Кто купил дом после того, как его выставили на продажу?

Я обхожу здание, вдыхая полной грудью запах моря. Передо мной сад с пальмами, агавами, бугенвиллеями, юкками, олеандрами, неопалимыми купинами и плотными рядами гортензии. Бассейн должен быть слева, а внизу – трехметровая каменная стена с железной решетчатой калиткой и лестница, по которой мы спускались к пляжу и понтону. Я разворачиваюсь и поднимаюсь по ступенькам, ведущим к сердцу подковы, к этому полупатио, где мы ужинали вечерами под шелест крыльев ночных бабочек. Все шесть застекленных дверей террасы тоже заперты, и, когда луч фонаря освещает фасад, опущенные жалюзи, черепичный фриз под крышей дома, у меня появляется уверенность, что эти наружные двери и эти ставни не открывались годами. Но возможно ли, чтобы в июле, в разгар летнего сезона, когда в Сен-Тропе царит оживленная курортная жизнь и каждый квадратный метр на вес золота, «Капилла» оставалась пустой и нисколько не изменившейся?

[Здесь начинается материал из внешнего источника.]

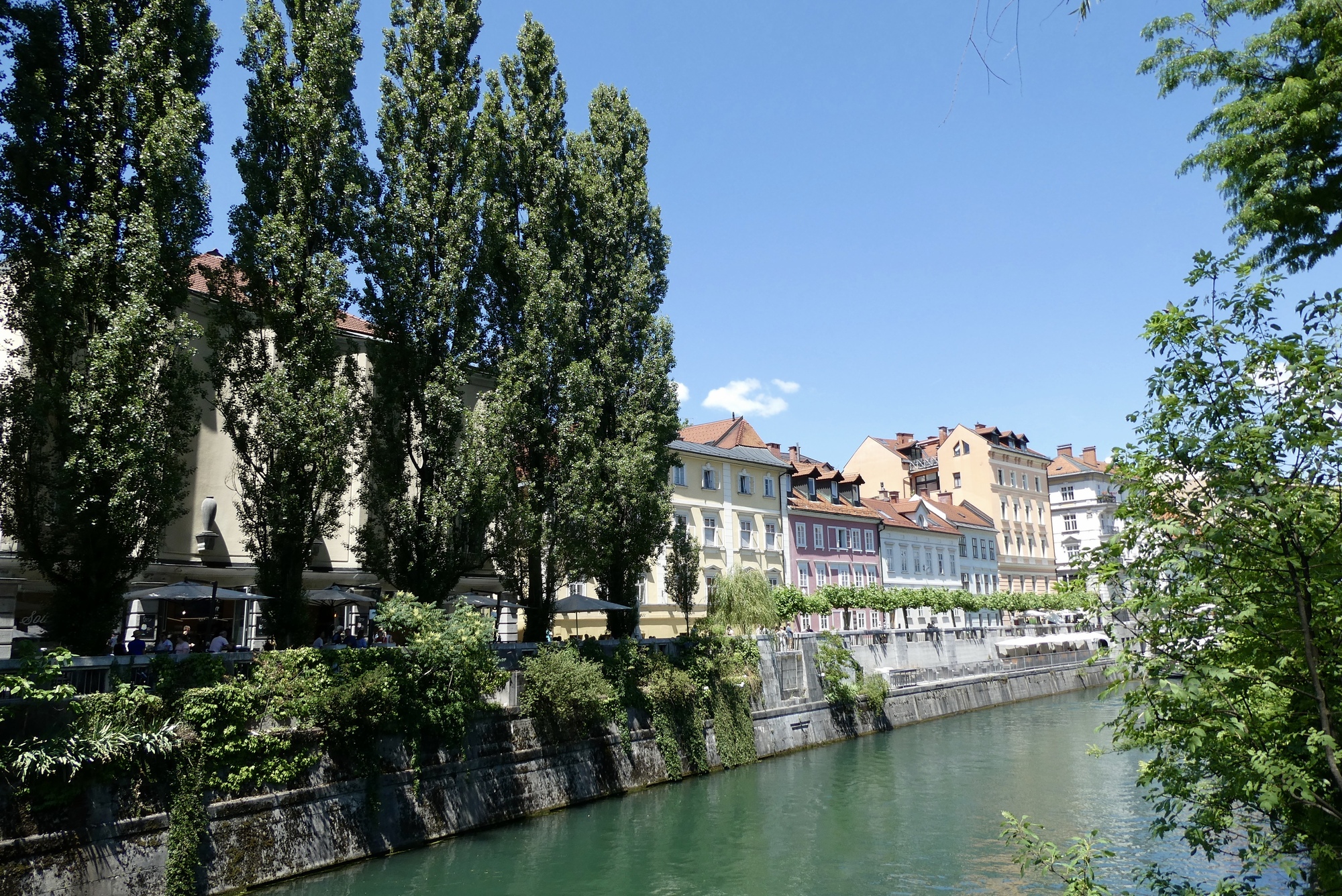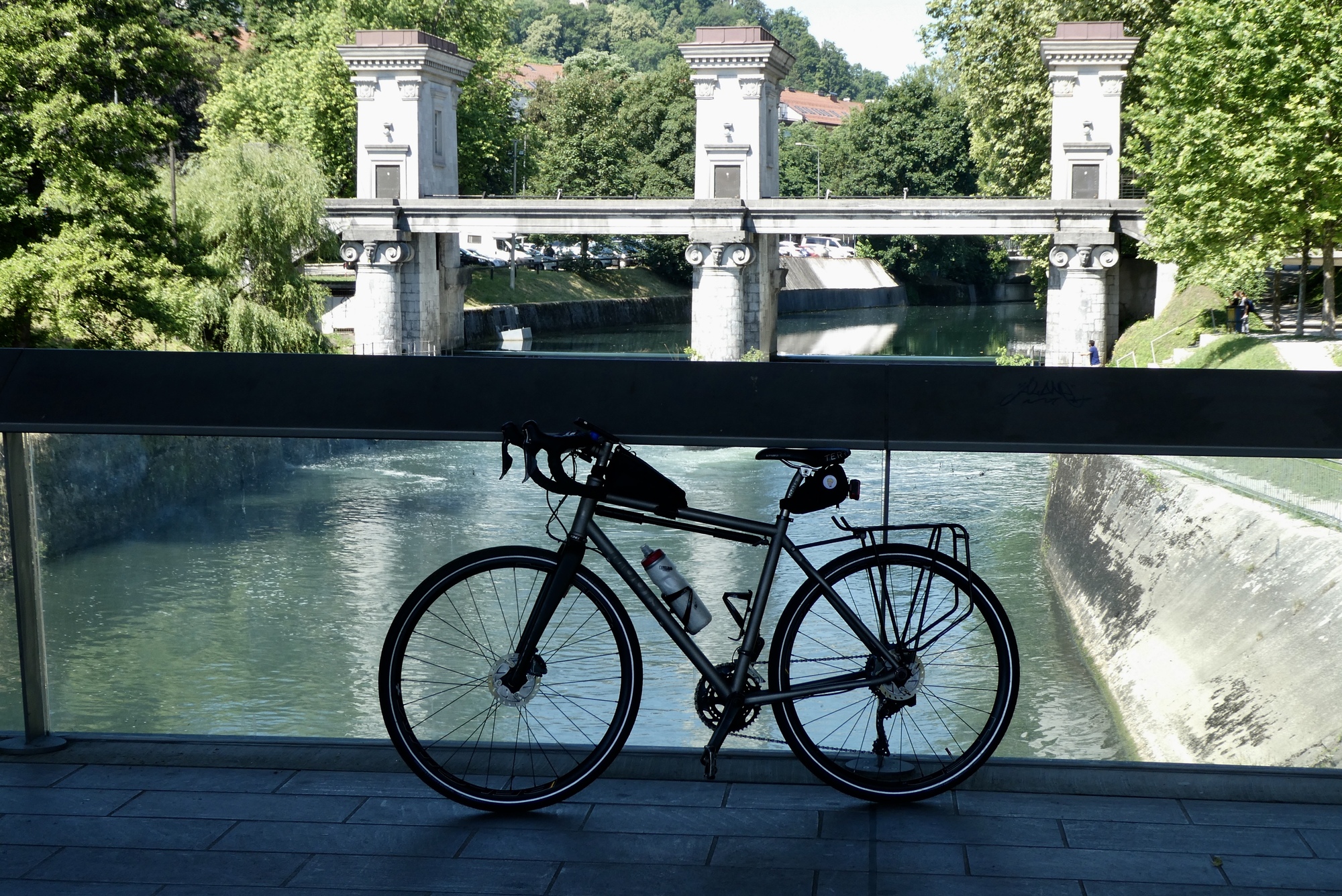 After breakfast, I took Vivien George for a test ride to see the goings on at the Maraton Franja bike race. The city has a wonderful network of bike lanes and it was an easy jaunt to race headquarters at the BTC City shopping area. It turned out, however, that I arrived between race starts – the group of professional riders had already departed while the amateurs were not due to depart for another hour. I moseyed through vendor area, stopping at the tents of the great Slovenian cyclists Tadej Pogačar and Primož Roglič. However, my search for a Slovenia bike jersey was for naught and I decided to move on. My route back to the hotel took me along the Ljubljanica River and over Zmajski Most, or the Dragon Bridge. Vivien George passed her test ride with flying colors, leaving me the afternoon to explore a bit of Ljbuljana on foot.

Решаю воспользоваться одной из своих детских лазеек: забираюсь на крышу высокого сарая и оттуда, цепляясь за черепицу крыши дома, продвигаюсь к маленькому окошку, через которое дневной свет попадает на чердак. Крючок створки поддается легко, как и раньше, и минуту спустя я уже на втором этаже. Постепенно меня охватывает смутное волнение и неуловимое чувство незримого присутствия. Однако я ручаюсь, что дом пуст. И в то же время… Слева – зияющая пустота галереи, ведущей в огромную гостиную, справа – спальни. Моя спальня находилась в конце галереи, и из ее окон было видно море. Спальня родителей располагалась в другом крыле дома, так что каждое утро, как только я просыпался, мы, стоя на своих балконах, которые разделяли восемь или девять метров патио, разговаривали с мамой и она мне улыбалась.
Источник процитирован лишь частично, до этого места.